All the indicators suggest India has recently begun the surge of an historic economic trajectory that has its roots in changes first initiated more than thirty years ago. The list of indicators is long and intricate and include a major transformation of the nation’s infrastructure, a prerequisite for broader economic advancement, regulatory reform, the growing digitisation of the economy and the emergence of new commercial agents that promise to dominate India’s economic future. There is also an apparent change in political consciousness in important areas of the country, with more concern among voters about the quality of governance than parochial identity politics. Nevertheless, the phenomenon is still uneven and remains a potentially significant challenge to stable governance. The upshot of these economic and political developments has been evidence of India coping with the on-going global economic disruptions better than most. It has also managed to deal, so far, with the serious Covid pandemic with an impressive display of political self-confidence and organisational prowess.

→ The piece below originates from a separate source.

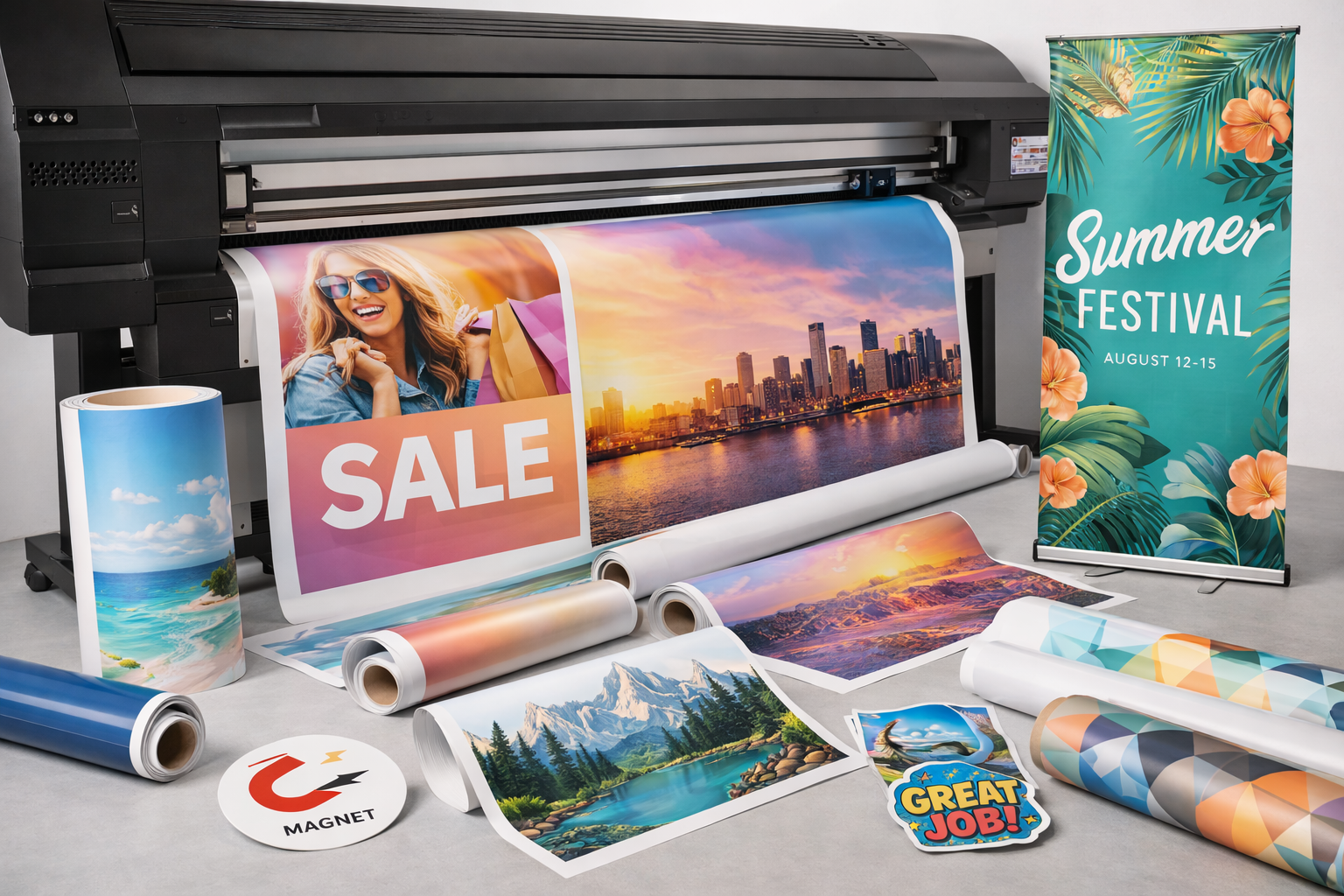From posters and banners to signage and display graphics, we offer durable, vibrant solutions for both indoor and outdoor use — perfect for events, promotions, and business visibility.

Yet, such changes, of the kind being witnessed in contemporary India and accelerating since 2014, after a decade-long hiatus, are embedded in a significant political context. Its importance cannot be underestimated nor is there any guarantee that this arguably positive political context is inevitably durable. A major factor of the present political setting is the primacy of prime minister Narendra Modi in Delhi and his wider political role. He has been the driving force of contemporary change in India with a focus that is unique and, likely, problematic to replicate. There are some other examples of economic transformation within India that are also notable, for example, in Madhya Pradesh and Chhattisgarh and Maharashtra for a period, the latter perhaps experiencing a possible renaissance now too. But the phenomenon of Narendra Modi’s is probably unique and the principal reason for the change in the quality of governance and the economic transformation that have been unleashed in India nationally. Weighty foreign policy successes have also been registered and these two layers of change, domestic and foreign, have reinforced each other.

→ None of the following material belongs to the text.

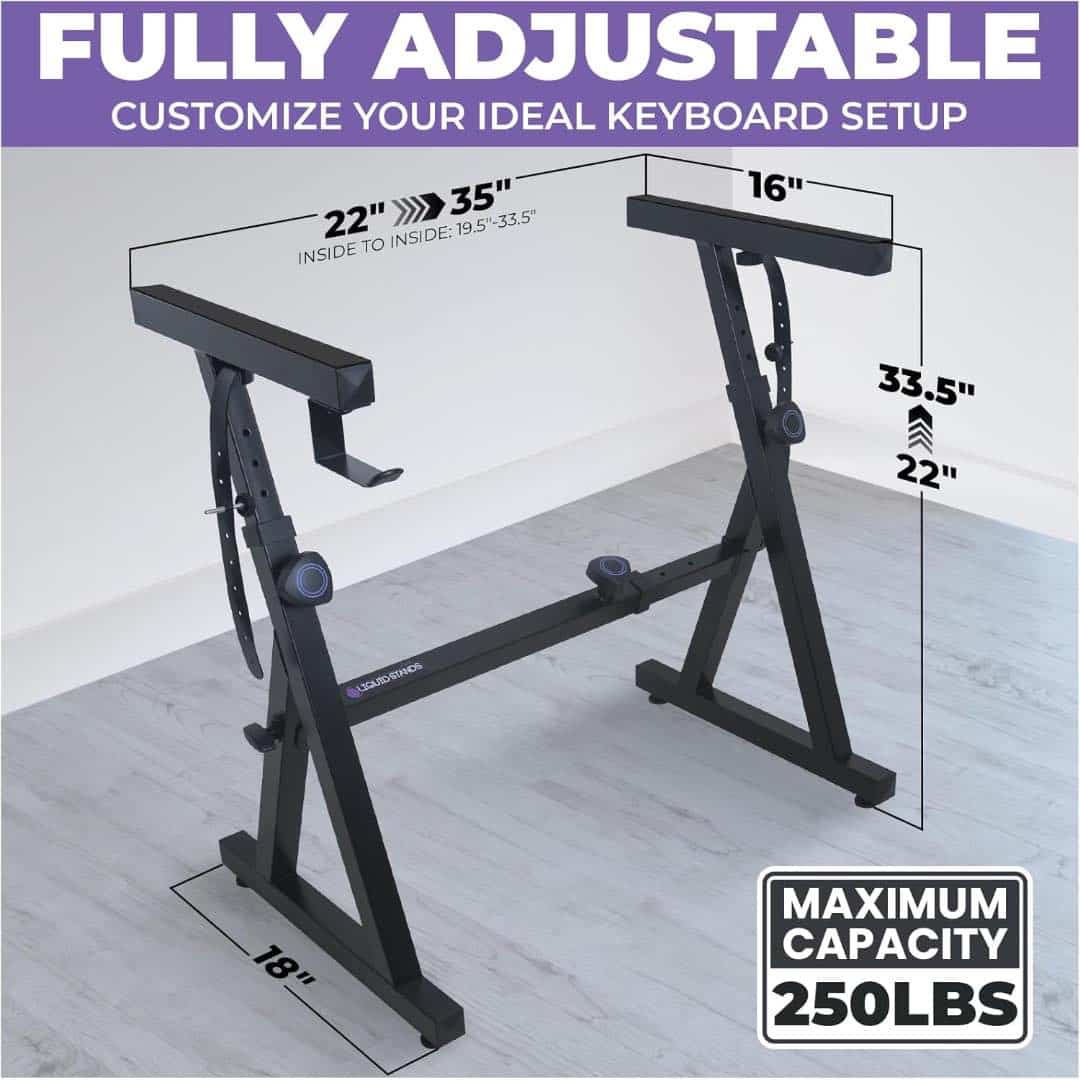 The Liquid Stands Z-Style Piano Keyboard Stand is a heavy-duty, adjustable, and portable stand designed to fit 54โ€“88 key keyboards, electric pianos, turntables, and other equipment. Its Z-shape frame provides maximum stability and supports instruments weighing up to 250 pounds. The standโ€™s adjustable height and width make it suitable for both seated and standing play, ensuring comfort and flexibility for musicians of all levels. With included accessories like anchoring straps and a headphone hook, this stand is ideal for home practice, studio setups, or live performances.

How the ongoing current transformation of India will likely impact its longer-run historical evolution is not easy to anticipate despite confident predictions about its global economic status within the next twenty-five years. As far as one can infer, the political economy of prime minister Narendra Modi’s strategy seems, in the main, to be the delivery of a whole range of essential public services to the mass of ordinary people, combined with effective methods for doing so. These have been unequivocally spectacular and unprecedented and clearly the reason for the high esteem in which voters hold him. There have also been a host of symbolic religious gestures and social policies that have inspired the majority community. These economic and political measures have combined with major foreign policy accomplishments that are carrying an appeal for many. Yet, no far-reaching and durable attempt has been made to mobilise India’s majority and especially in the imperative BJP heartland, by adopting policies that would galvanise them and inhibit the possibility of their electoral defection indefinitely.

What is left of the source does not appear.